Harawira still believes Australian Prime Minister John Howard is "racist bastard" for his plan to attack rampant sexual abuse of children in Aboriginal communities in the Northern Territory by the state seizing control of the communities under five-year leases.
The concern of politicians in New Zealand has been more about the breach of a convention of not commenting on the domestic politics of another country.
Helen Clark made great play of the interference angle at midday when she talked to reporters ahead of Labour's caucus but in reality, it is a convention of Governments, not smaller parties.
The Maori Party feels no allegiance to that convention, feeling a much stronger allegiance to indigenous issues no matter where they occur.
The Green Party too, has little compunction about commenting on environmental events in Australia or military events involving the United States.

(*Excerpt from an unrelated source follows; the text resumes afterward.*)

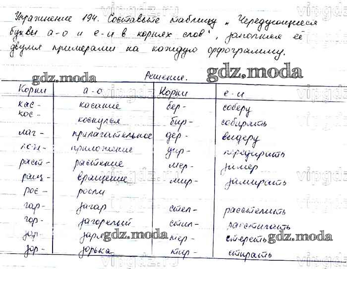 ОТВЕТ на задание № 194 Учебник по Русскому языку 6 класс Баранов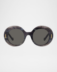 - Loewe oval sunglasses in acetate - Eye/bridge/temple (in mm): 50-24-140 - Solid lenses - Saddle nose bridge - Thick, tapered legs - Signature metal anagram on both temples - Acetate/nylon/polyamide - Hand wash - 100% UVA/UVB protection - Made in Italy - Proposition 65 warning for California residents - This product contains perfluoroalkyl and polyfluoroalkyl substances (PFAS). For more information, please visit the manufacturer’s website.

Interestingly, while Maori Affairs Minister Parekura Horomia also took the line that what the Australian government does to its Aborigines is "their business" he also said: "I struggle with what John Howard has done".
There is little sense of outrage indignation at the slur against Howard in New Zealand partly because it was Hone Harawira saying it and it is hardly unusual behaviour from him, but also because people share Horomia's concern.
If Howard is not a "racist bastard" he is "a very clever bastard" when it comes to winning elections.
There is more than a strong suspicion that the way he has approached the dire problem is a cynical election ploy.
Today's Newspoll results shows Howard has virtually recovered the 12-point gap between him and Labor's Kevin Rudd as Prime Minister and is now just one point away.
One of the factors in the recovery, as The Australian editorial puts it, is "strong leadership on Aboriginal affairs".
That is the result despite Rudd taking a bipartisan approach.
If the potency of race politics in Australia is the same as it is in New Zealand, and Labor had opposed Howard on his approach, who knows? Howard may well be ahead.
The whole incident puts me in mind of a less serious story involving transtasman relations that I covered in 1997.
Tau Henare who was Maori Affairs Minister at the time was spread across the front page for calling the Australian government "a pack of mongrels".
He was demanding an apology because of revelations in a secret Australian government briefing paper that contained rather frank assessments of the various leaders around the Pacific - that an Aussie journo had found lying on a table in a Cairns hotel.
It was marked AUSTEO (Australian Eyes Only).
Henare was outraged because the dossier described his leader at the time, then Deputy Prime Minister Winston Peters, as "a loose cannon" and "an opportunist" who would not be above exploiting New Zealand sensitivities towards Australia.
Peters apologised for Henare's remarks and steered the blame away from the Australian Government towards what he called "dingoistic" bureaucrats.
The name game has a long transtasman history.